In particular in respect of the authorising of share buy backs the amended rules:

  • allow off-market share buy backs to be authorised by ordinary resolution. An off-market share buy back is one where the purchase of a company’s own shares does not take place on a recognised investment exchange, ie for shares of private companies or unlisted public companies. The previous legislation, mainly section 694 of CA 2006, required a special resolution authorising an off-market buy back. The effect of the amendment is also that of aligning the authorisation requirements of off-market purchases with those of market purchases, ie on a recognised investment exchange, which only require an ordinary resolution.
  • allow for the prior approval of multiple off-market share buy backs, for the purposes of an employee share scheme, to be authorised by a single ordinary resolution. The provisions introduced by new section 693A of the Act will not require approval of each individual contract for off-market buy backs connected with an employee share scheme. Companies will be able to authorise in advance multiple buy backs by ordinary resolution, in line with what happens with market purchases. The resolution will set the conditions under which the shares might be bought back and will have to specify the maximum number of shares that can be acquired, the price range and the time of expiry of the authorisation (that cannot exceed five years).
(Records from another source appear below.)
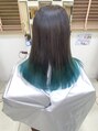 ワンブリーチからのターコイズグリーン。全部ブリーチするのは怖いし痛みそうでできないけど、髪色を楽しみたい!そんな方にピッタリ!裾カラーは期間限定でのカラーに最適!毛先を切ってしまえばリセットできます♪
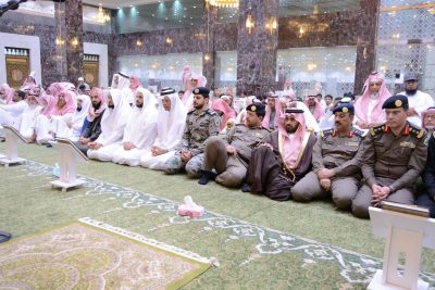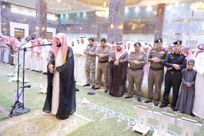 تقدم سعادة محافظ محايل الأستاذ محمد بن فلاح القرقاح.المصلين اليوم في صلاة الاستسقاء بحضور عدد من القيادات الأمنية
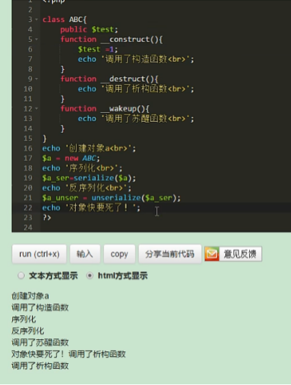 会自动调用destruct魔术方法,由于两个op比较的严格性不同,进行绕过,首先将op=' 2'的类序列化,将序列化后的内容传入str
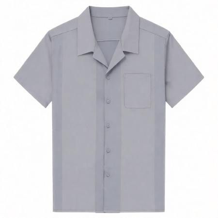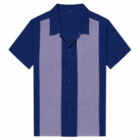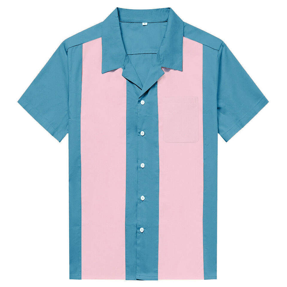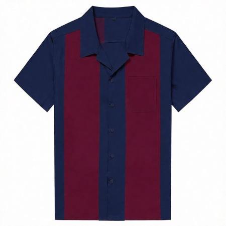 Chemise de bowling vintage pour homme à deux tons avec panneaux contrastés verticaux, col à encoche ouverte et tissu respirant performant
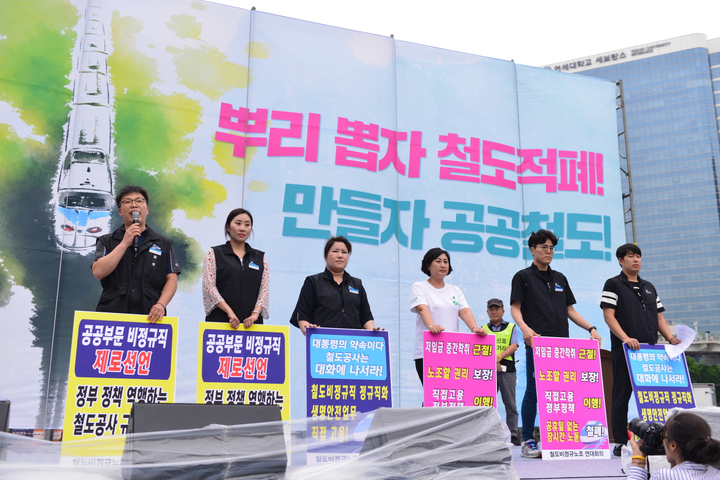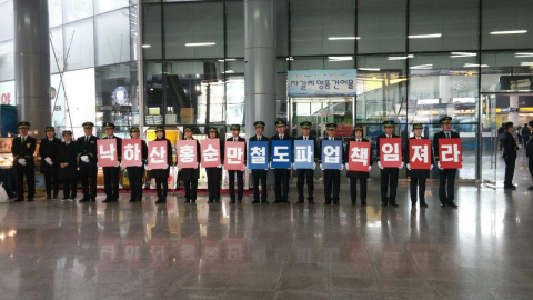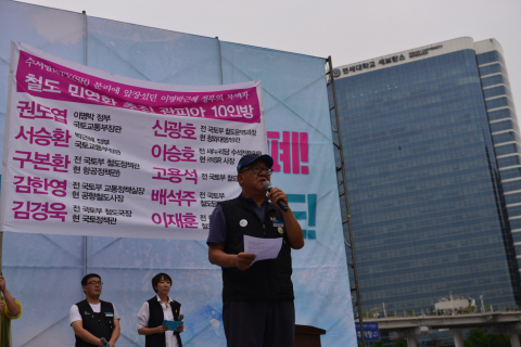 시민사회공동행동이 오전 11시 대전 코레일 본사 앞에서 기자회견을 열고 시민 안전 위협하는 부당징계 철회와 성과퇴출제, 외주화 중단을 요구함. 기자회견 참가자들은 “홍순만 사장은 박근혜 적폐”라고 규정함.
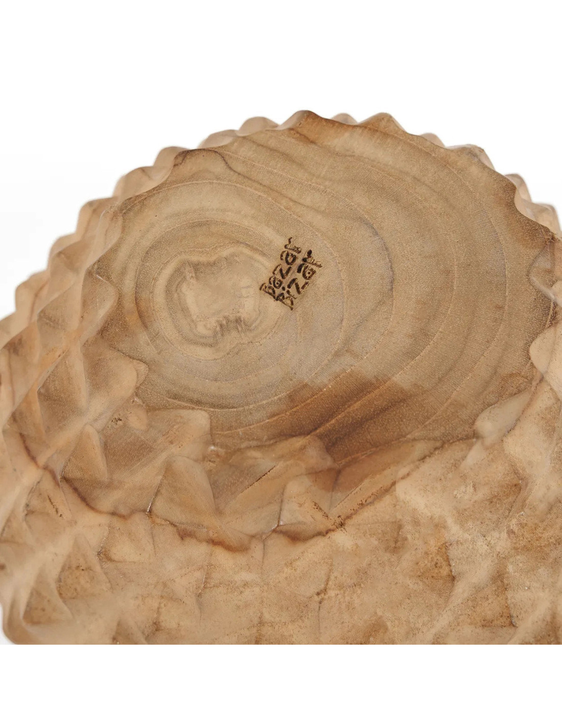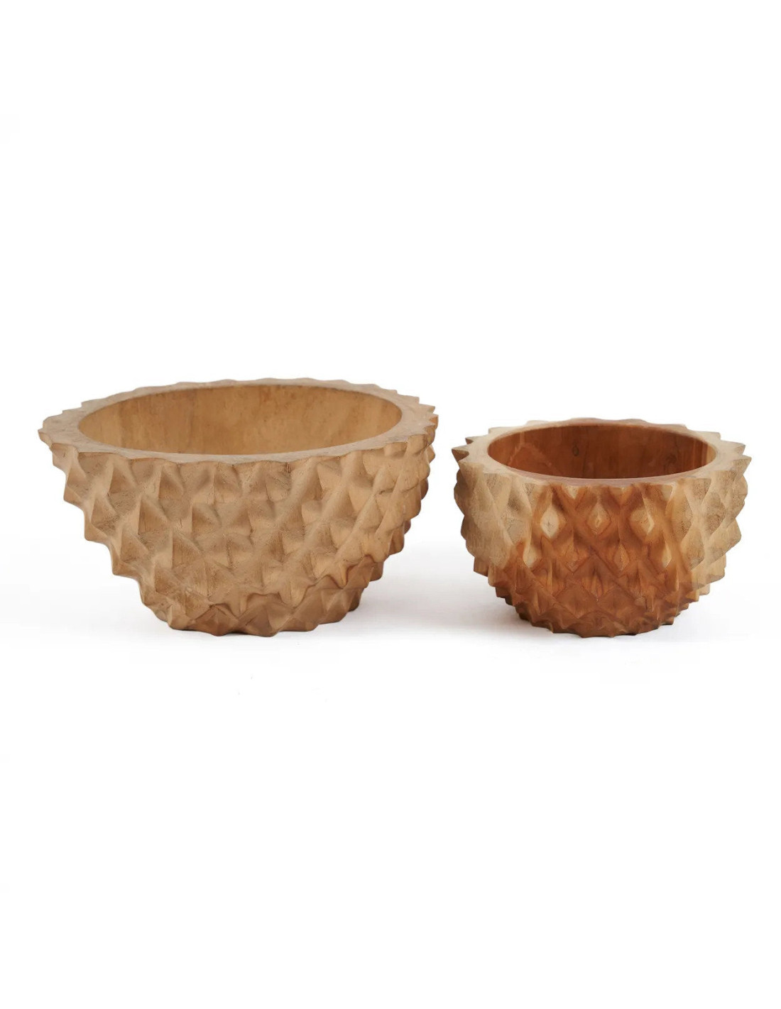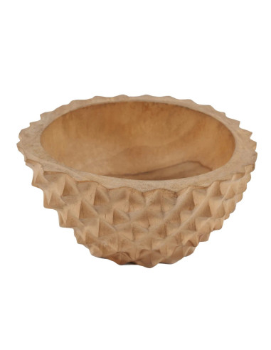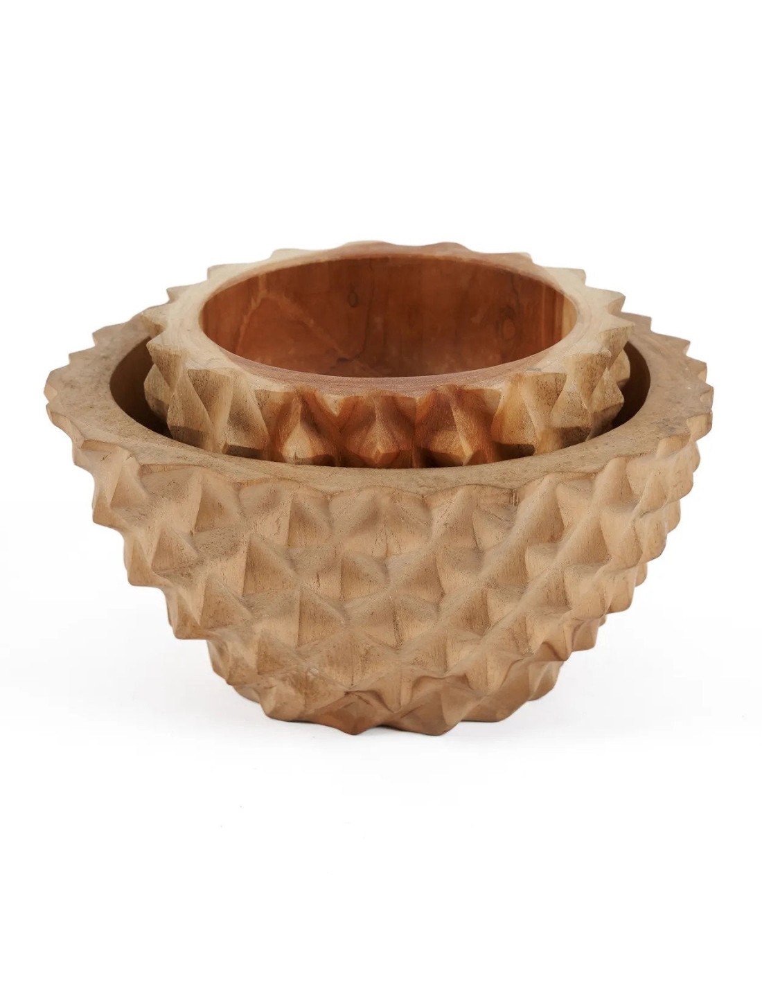 Le design de ce bol s’inspire du fruit durian, souvent appelé le « roi des fruits ». L’extérieur présente une texture semblable à la coque épineuse du durian. Utilisez-le comme pièce décorative centrale ou comme plat de service pour fruits, noix ou encas. Les tons riches du teck soulignent sa durabilité et son intemporalité, en faisant un ajout précieux à toute maison ou collection.

In respect of the financing of share buy backs the amended rules:

  • allow private limited companies to pay for their own shares by instalments where the buy back is in connection with an employee share scheme. This constitutes a relaxation of the rules in section 691 of CA 2006 that require payment for own shares to be made on purchase. Payment by instalment can be useful for companies unable to pay for bought back shares upfront.
  • allow private limited companies that want to buy back shares in connection with an employee share scheme to finance the purchase out of capital using a simplified procedure. The simplified procedure consists of the signing of a solvency statement by the directors and of shareholder approval by special resolution and therefore mirrors the regime that applies to a general reduction of capital for private companies under section 641 of the Act. The amendments have been introduced by new section 720A of the Act and reduce the more burdensome general requirements for share buy backs out of capital that involve the provision of a directors’ statement and auditor’s report; approval by special resolution; public notice of proposed payment and for the directors’ statement and auditor’s report to be available for inspection.
  • allow private limited companies to buy back shares using small amounts of cash – the lower of £15,000 or the cash equivalent of 5% of its share capital in any financial year – if authorised to do so by its articles and without having to identify the cash as from distributable reserves. The changes to section 692 of CA 2006 allow private companies to purchase a limited amount of own shares without using the other three sources of finance prescribed by the Act; ie distributable profits, proceeds of a fresh issue of shares and, for private companies, capital. This relaxation of the rules is likely to provide more flexibility to small companies that may not wish to establish an employee benefit trust (EBT) to acquire shares to be subsequently sold or assigned to employees.

In respect of treasury shares the new rules:

  • allow all companies limited by shares to hold their shares in treasury and to deal with them as treasury shares. Section 724 has been amended with the effect of permitting private limited companies and unlisted public companies to hold shares in treasury as was previously only possible to public companies with listed shares. The shares allowed to be held in treasury are those acquired out of distributable profits or, for private companies, with small amounts of cash.